The next day, Massie appeared on the Tom Red Morning Show, dismissed COVID-19 as “kung flu,” and joked that those who became ill with CPAC might have something different. “Half of my colleagues,” said Massie, “who knows what their lifestyle means.”
In addition to downplaying the need to be in Washington to vote on legislation, the Congressman has also criticized the Phase 2 bill itself. “What will happen is that the Democrats and Republicans will unfortunately try to outdo each other and spend more money than the other on each of their projects,” he predicted.
Two weeks later, when Congress leaders signed a $ 2 trillion COVID-19 Phase 3 response package with the White House, the situation had gotten much worse.
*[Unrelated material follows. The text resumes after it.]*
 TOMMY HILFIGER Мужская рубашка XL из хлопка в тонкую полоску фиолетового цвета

Some members of Congress were still in quarantine, but public health experts also warned the public against traveling and gathering in places where they would be on top of one another – such as in the convention halls.
Given these challenges, the House leadership in both parties pushed for the Chamber to approve it with “unanimous approval” – a parliamentary maneuver that allows a very small group of legislators to pass a law while no member is physically present to register their appeal.
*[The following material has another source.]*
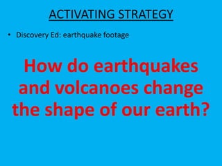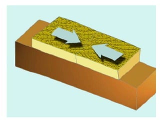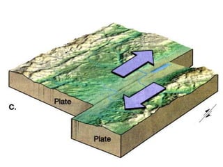 The document provides information about tectonic plate boundaries including definitions of convergent, divergent, transform, and subduction boundaries. It describes how each boundary type results from the movement of tectonic plates and the effects this has in changing the Earth's surface through processes like mountain building, volcanism, and earthquakes. Students are tasked with learning about the different boundary types, their identifying features, and how they impact the planet.

At that point, Massie decided not only to show up and vote against the measure, but to request that each member be included in the file with his or her vote. He shot back to Washington and told reporters that he was ready to unanimously stop the bill from being passed. The staunch financial conservative, who basically disagrees with all the bills, described this as a matter of existential importance for the republic so that the legislature’s positions on a historically massive bill can be documented.
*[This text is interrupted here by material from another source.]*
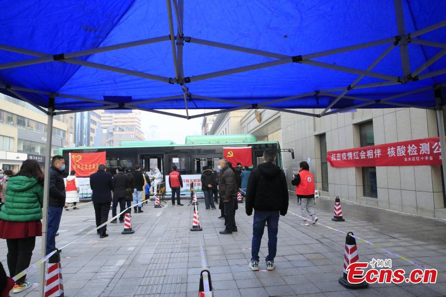 Local residents queue for throat swab COVID tests in front of the bus on Jan. 9, 2022. (Photo: China News Service/Zhu Manjie)

The threat prompted spokeswoman Nancy Pelosi (D-CA) and GOP leader Kevin McCarthy (R-CA) to make efforts to ensure that there are enough legislators in the chamber to hold a so-called vote for the more legislators than only Massie would be required to object to a roll call vote.
On March 26th and 27th, tired Congressmen boarded empty planes to DC and drove to Wisconsin to vote. Massie later told Politico that he had been offered offers to make him give up his stunt and that he was being threatened. When nothing could stop Massie, Trump corrected this threat himself on the morning of the vote with a tweet and called him a “third-rate” grandstander.
When the time came to vote, Massie registered his rejection of the unanimous request for approval – “I came here to ensure that our republic would not die by unanimous approval and an empty chamber,” he said – but was quickly put down. No roll call vote was enforced and his step was small, except that a number of lawmakers were forced to travel to DC amid a pandemic. Democratic and Republican lawmakers openly complained about the inconvenience. In a conversation with Senator Dan Sullivan (R-AK) overheard by reporters, Rep. Sean Patrick Maloney (D-N.Y.) Called Massie a “fool”.
Massie is currently facing a major challenge from Todd McMurtry, a lawyer who represented students at Kentucky Catholic Covington High School in defamation cases resulting from a confrontation with indigenous activists in Washington in 2018. McMurtry’s campaign told The Wall Street Journal Since Massie’s big stunt, he’s raised $ 300,000. Massie meanwhile said he broke donation records and grossed at least $ 214,000 last week.